Police raids anger New Zealand tribes. Terror activities suspected.

RUATOKI, New Zealand - Armed police stormed into this quiet village at dawn, threw up roadblocks, shot out truck tires and forced families out of homes at gunpoint.

The show of force, with its dark subscript of terrorism plans, stunned this placid nation where beat cops don't even carry guns.
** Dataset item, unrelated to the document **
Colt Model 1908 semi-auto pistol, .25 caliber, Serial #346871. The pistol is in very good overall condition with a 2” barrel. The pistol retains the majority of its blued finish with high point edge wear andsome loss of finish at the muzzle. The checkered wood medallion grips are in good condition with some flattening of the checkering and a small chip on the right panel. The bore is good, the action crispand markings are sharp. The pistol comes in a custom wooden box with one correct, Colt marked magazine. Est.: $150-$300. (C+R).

It has since sparked charges of racism and inflamed historical resentments.

The October raid was part of a nationwide sweep in which 16 people were arrested, and authorities said they shut down military-style camps on Maori ancestral lands where both Maori militants and environmental activists trained.
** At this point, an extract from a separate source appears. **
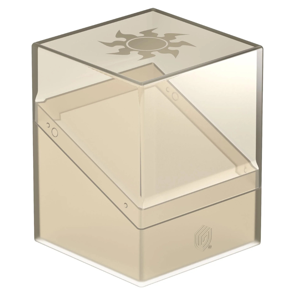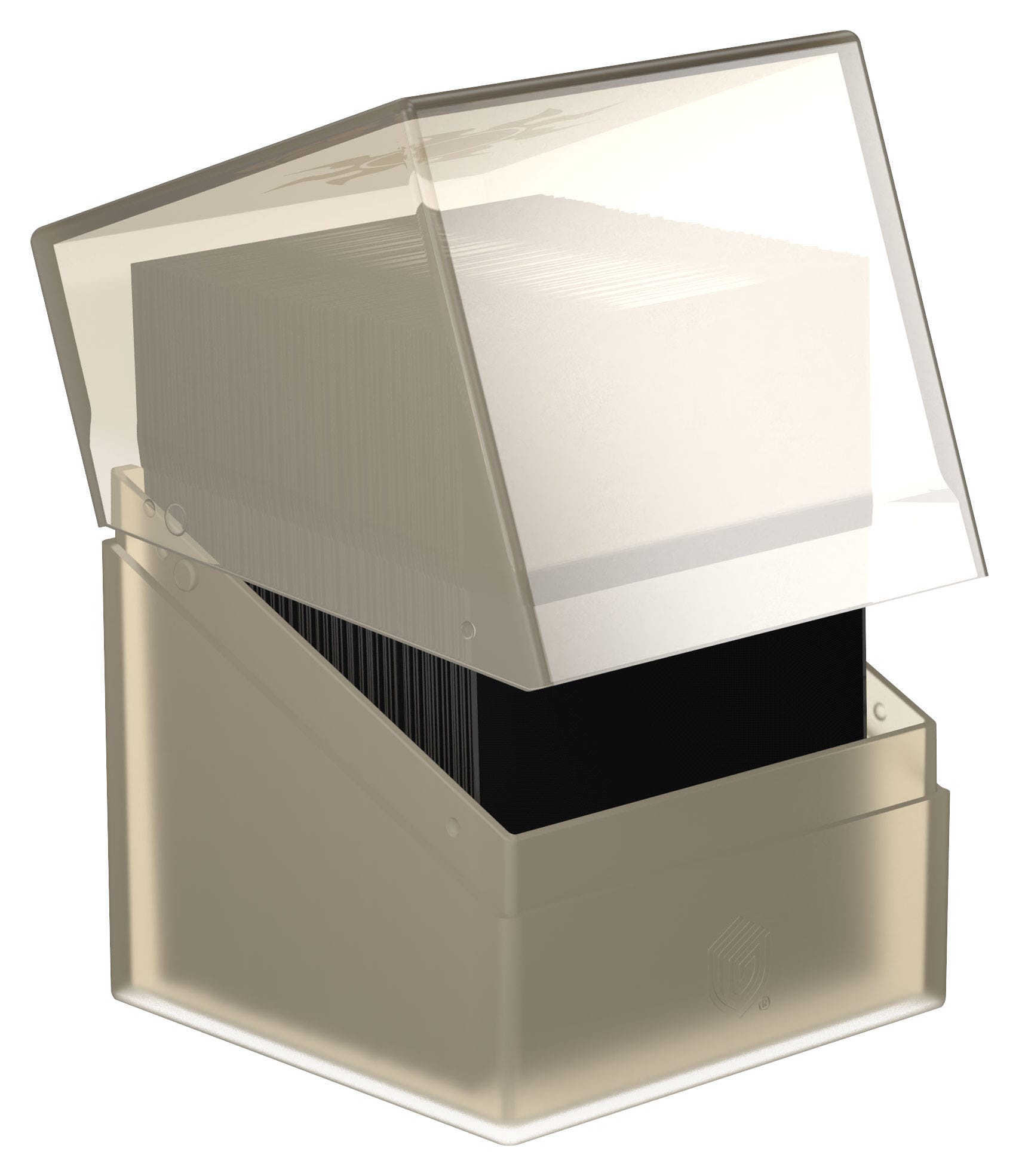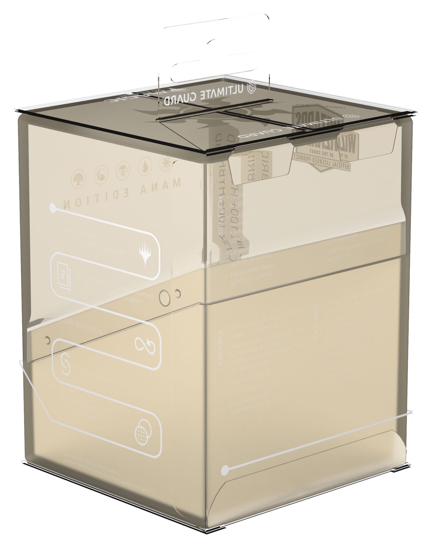 Ultimate Guard's Boulder 100+ Hybrid combines the completely transparent top of the Boulder Clear with a soft-touch base in the style of the original Boulder. The officially licensed MTG deck box is easy to open, but offers reliable protection for your cards thanks to its sturdy case and secure closure. The Boulder 100+ Hybrid holds up to 100 double-sleeved cards and is suitable for all Magic: The Gathering formats such as Commander (EDH), Standard or Modern.

But a bid to charge 12 of the 16 with terrorist activities has unraveled on technical grounds amid complaints of police heavy-handedness.
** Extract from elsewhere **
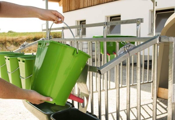 Les supports pour seaux et mangeoires longues sont compris dans la livraison. Seaux et mangeoires longues non compris dans la livraison.

While the facts remain unclear, the way police handled the case has strained relations with the 540,000-strong Maori community, which makes up 15 percent of the country's population.

What many found appalling were the tactics used to arrest three of the suspects in Ruatoki and nearby Whakatane, both home to the uncompromising Tuhoe - the only Maori tribe that still rejects the government's sovereignty, 167 years after the British colonized the islands.

For some, the raids stirred memories of repression of Maori a century ago.

"They came in here like in a B-grade film," said Tame Iti, a well-known Tuhoe activist arrested in the Ruatoki raid.

Ruatoki is dotted with small houses, some just sheds, that lie in flat fields by a rural highway on the northern of New Zealand's two main islands.

Iti said police stormed in and held his family, including children, at gunpoint, firing two shots into tires on his truck to immobilize it.

After the arrests, protests broke out in a dozen towns and cities. The police actions against the Tuhoe "set back relations between Maori and the government 100 years," said Pita Sharples, co-leader of the Maori Party and a member of parliament.

Authorities said that during 18 months of covert monitoring, they heard armed activists at the camps - in the forested hills of Te Urewera, the Tuhoe ancestral lands - talking of political assassinations and bombings. Those arrested included some white New Zealanders.

Local newspapers published police intercepts of those conversations. In them, the suspects discuss using "sudden" and "brutal" attacks to divide "Aotearoa," the Maori name for New Zealand. The suspects also surmise that foreign terror groups would be blamed, according to the newspaper accounts.

Iti said the camps he was involved in taught bush survival skills and firearms safety. He rejected any connection to terrorism.

The Tuhoe said four weapons were seized in the raids, but Detective Inspector Bruce Good said there were 20, including AK-47 assault rifles, shotguns, rifles and pistols, plus silencers, scopes, ammunition and firearms parts.

The government had planned to charge 12 suspects under the Terrorism Suppression Act, enacted after the 9/11 attacks. But Solicitor General David Collins, the top justice official, ruled the antiterror law was too complex to apply in this case.

Those arrested, now free on bail, face lesser charges of illegal possession and use of firearms.

The Maori are descendants of Polynesians who migrated to New Zealand about 1,000 years ago.

Tuhoe, the most isolated and poorest of the Maori tribes, are proud that their ancestors refused to sign the Treaty of Waitangi in 1840, which created New Zealand under British sovereignty.

The treaty guaranteed the Maori could keep their lands, forests, fisheries and culture - commitments that Maori say were broken as European settlers flooded in.